Solving Ax = b , CUDA vs Matlab

I've done the following test on Matlab:

n = 10000;
A = rand(n,n);
b = rand(n, 1);

tic
y = A\b;
toc

On my Intel i7 gen 5 machine (12 cores) the result is ~ 5 seconds.

Then, I've trying to do the same using CUDA 9.2 sample SDK code (see cuSolverDn_LinearSolver.cpp). Surprisingly, on my Nvidia 970GTX I get ~ 6.5 seconds to get the solution for the same problem size as above!

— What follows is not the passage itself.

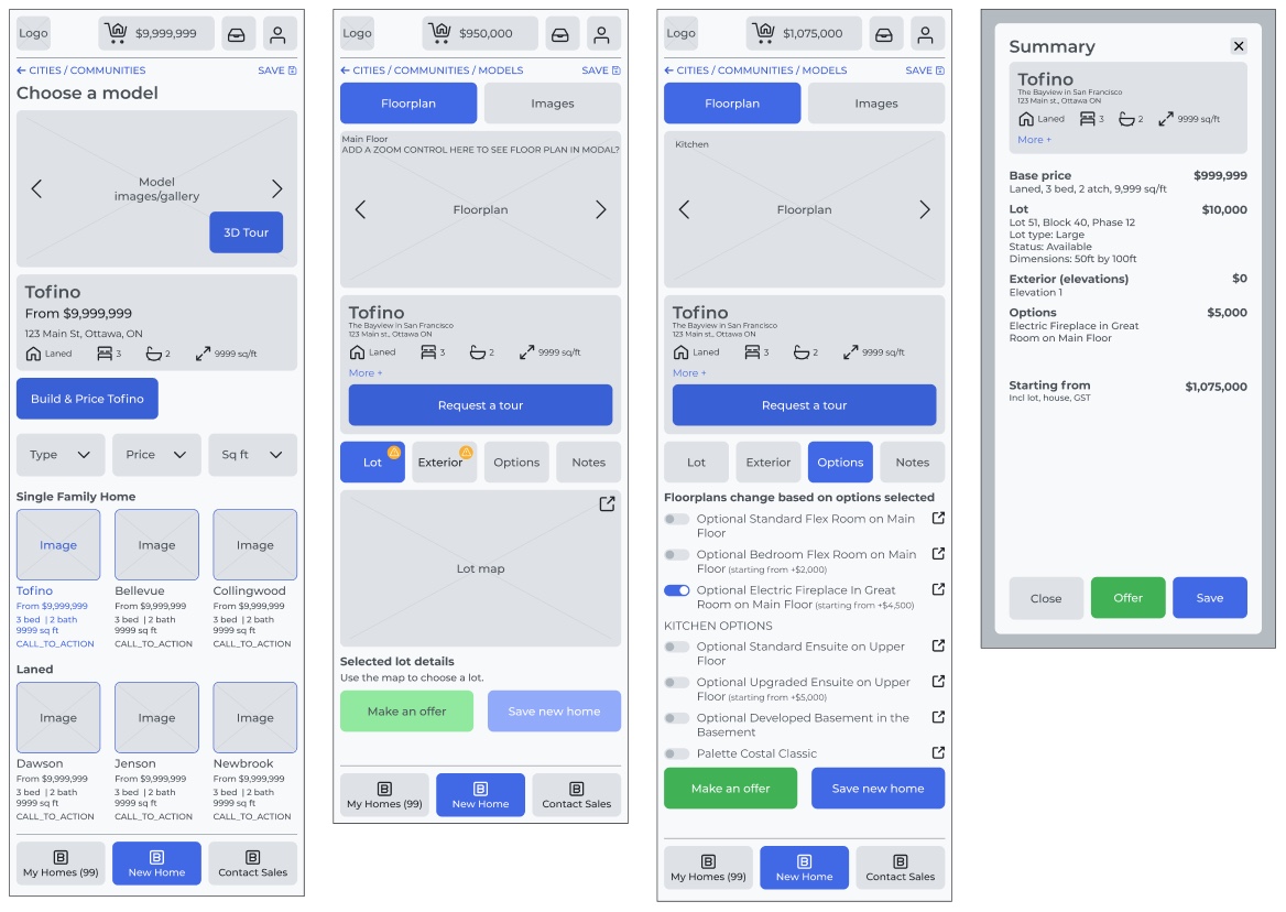 Testing low-fidelity concepts early helped us refine ideas before moving into detailed design. Small changes to language, layout, and sequencing made the flow easier for buyers to navigate.

What is it wrong ? I mention that my matrix is symmetric, square and b has only 1 column. Is there a better way to solve this problem using CUDA? Should I expect greater performance if I'm going to use a newer GPU?

Solution

Here is the code I used to test this

n = 10000;
A = rand(n,n,'single');
b = rand(n, 1,'single');

tic
y = A\b;
toc

A = gpuArray(A);
b = gpuArray(b);

tic
y = A\b;
toc

Here are the results

Elapsed time is 2.673490 seconds.
Elapsed time is 0.553348 seconds.

I am running on a 7700 4 core laptop with a GTX 1060 GPU so approximately the same computing power I think. As you can see in this case the GPU runs faster. The most likely factor is the precision. GPUs only have single precision multipliers while CPUs have double precision multipliers. If you have to do double precision multiplication on a GPU you have to take quite a few multipliers to do the same operation thus drastically slowing down your speed. If I change it so the variables are double precision we now get:

Elapsed time is 5.784525 seconds.
Elapsed time is 5.398702 seconds.

While the GPU is still faster on my computer the point still stands in that the CPU and GPU are much closer together now.